» What to produce:
Repeat, line for line, only the span that opens at the "Кресло мягкое Руми, велюр, цвет" line and closes at the final line below. Skip the pictures.

*** Opening Data segment ***

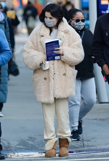 Последние выходы исполнительницы в центре Нью-Йорка — настоящая находка для тех, кто постоянно находится в поисках стильных решений для повседневного гардероба. Для съемок в сериале Only Murders in the Building Селена примеряет аутфиты по последней трендовой повестке. Последний из них звезда выдержала в кремовой палитре оттенков и предпочла исполнение в уютных мягких тканях: объемное пальто из искусственной шерсти Селена дополнила трикотажными брюками и коричневыми уггами, которые идеально подошли под прохладную городскую зиму.
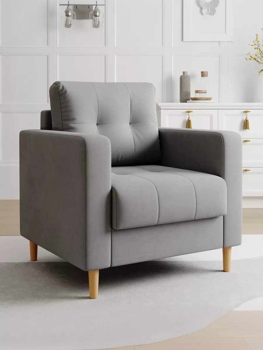 Кресло мягкое Руми, велюр, цвет серый с подлокотниками 76х70х86 см, на ножках интересное:
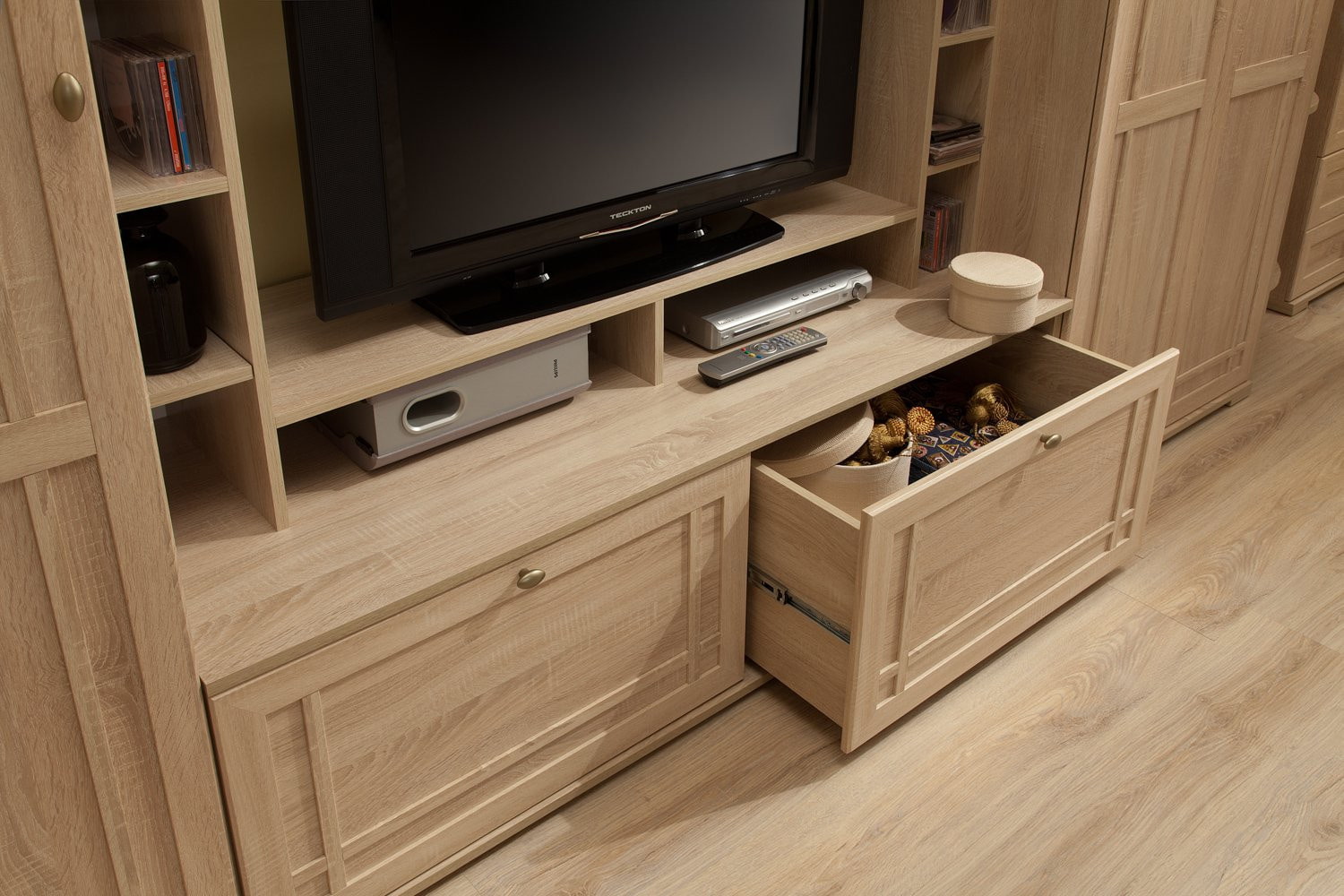 The warm texture of the wood is unique add coziness to the main room of the house... A large object (wall, console) or small decor - a coffee table, a flower stand can be made in the color of sonoma oak.

*** Closing Data segment ***

» Task answer:
 Кресло мягкое Руми, велюр, цвет серый с подлокотниками 76х70х86 см, на ножках интересное:
 The warm texture of the wood is unique add coziness to the main room of the house... A large object (wall, console) or small decor - a coffee table, a flower stand can be made in the color of sonoma oak.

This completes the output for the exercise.